■ TASK DETAILS: When you reach the line that contains "繊細なチュール素材で、コーデ" below, transcribe it and each line after it word for word to the end of the records, omitting pictures.

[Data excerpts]
--------------------------------------------------
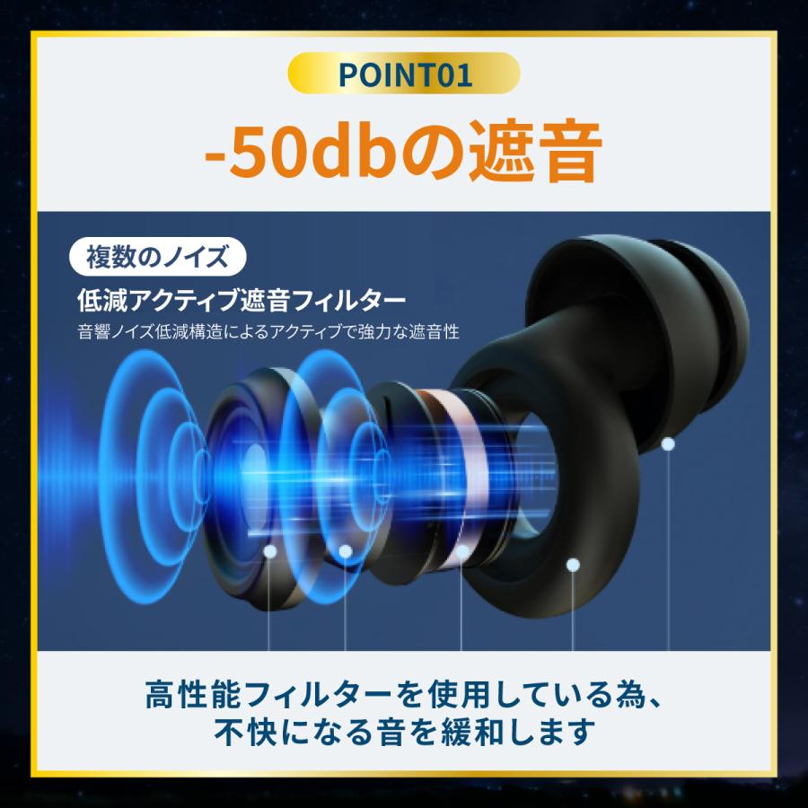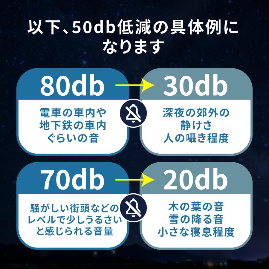 -50dBのノイズ低減効果があり遮音性が高くて、ほとんどの騒音を遮断できストレスにならず快適な睡眠ができます。
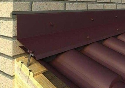 Он имеют аналогичное защитное покрытие и окраску. Металлический лист изогнут под прямым углом вдоль длинной стороны, по длинным кромкам сделана отбортовка. Планка примыкания предназначена для того, чтобы закрыть зазор, образующийся в месте стыка ската с вертикальными поверхностями.
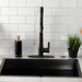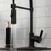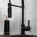 Transcend your home into a futuristic utopia with this faucet's brilliant craftsmanship and modern, curved spout with ergonomic levers. Designed for optimum versatility and functionality, the multiple spray settings and extendable spout of this pre-rinse faucet make for an enjoyable cleaning experience. Additionally, the rotating swivel spout leaves no area of the sink untouched as the industrial look of the exposed spring provides residential function. The naples bronze finish will also provide a long lasting and warm touch to your kitchen ensemble. Matching accessories are available for use.
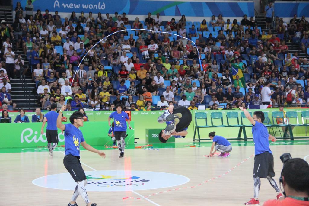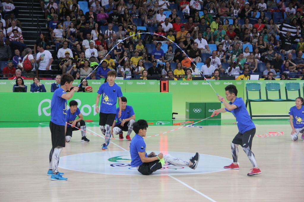 巴西时间8月21日是举世瞩目的第31届奥林匹克运动会闭幕的日子,下午男子篮球金牌争夺战颇受关注,里约奥运室内最大馆16000人ANEAN CARIOCA 1内座无虚席,比赛中场时间16:15-16:20分由上海体育学院携手上海跃动跳绳俱乐部及两名外籍跳绳世界冠军共同组成的国际奥运跳绳表演队惊艳亮相,充满节奏与力量的花式动作、快速整齐的队形变化、多元融合的表演风格,激情绽放,吸引眼球,现场16000余名观众掌声不断,享受中国上海体育学院花样跳绳带来的青春跃动和创新世界的快乐。
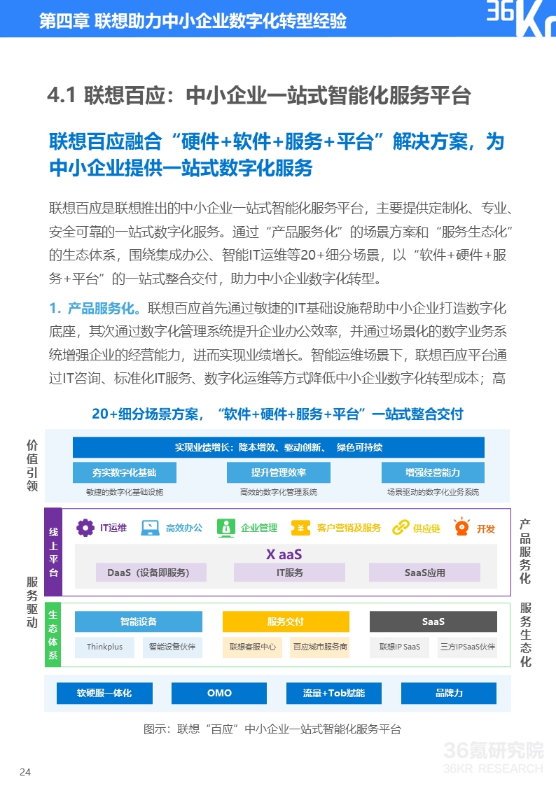 联想百应通过“产品服务化”的场景方案和“服务生态化”的生态体系,围绕集成办公、智能IT运维等20+细分场景,以“软件+硬件+服务+平台”的一站式整合交付,助力中小企业高效数字化转型。
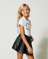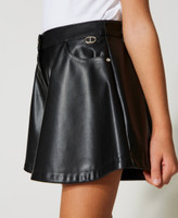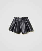 Leather-like shorts with pleated, flared fit, side pockets with rhinestone rivets, zip and snap button, lined with muslin.
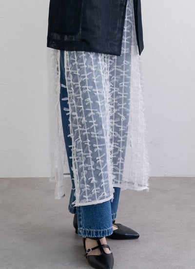 繊細なチュール素材で、コーデに取り入れるだけで女性らしい華やかな印象を演出できる1枚◎
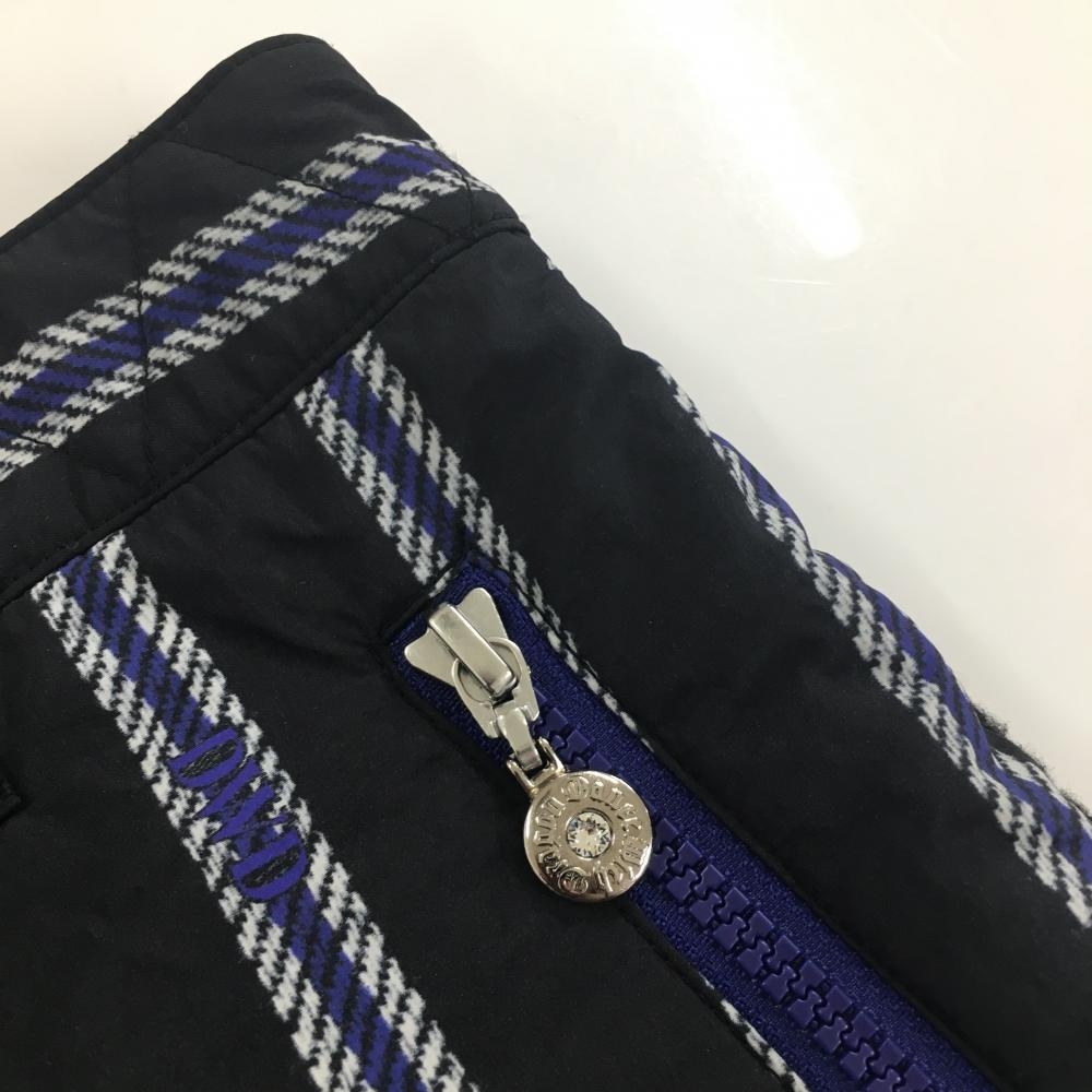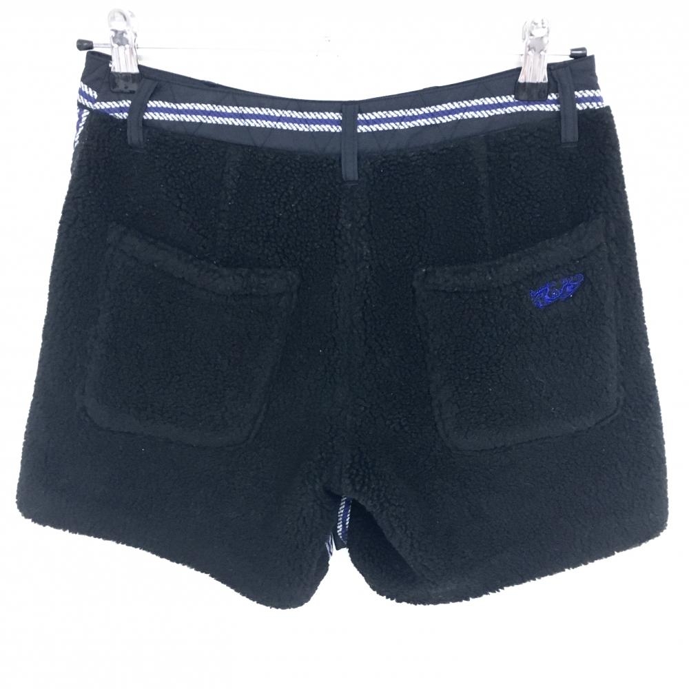 【美品】ダンスウィズドラゴン 中綿ショートパンツ 黒×ブルー ストライプ ボア レディース 2(M) ゴルフウェア Dance With Dragon
--------------------------------------------------
■ YOUR RESPONSE:
 繊細なチュール素材で、コーデに取り入れるだけで女性らしい華やかな印象を演出できる1枚◎
 【美品】ダンスウィズドラゴン 中綿ショートパンツ 黒×ブルー ストライプ ボア レディース 2(M) ゴルフウェア Dance With Dragon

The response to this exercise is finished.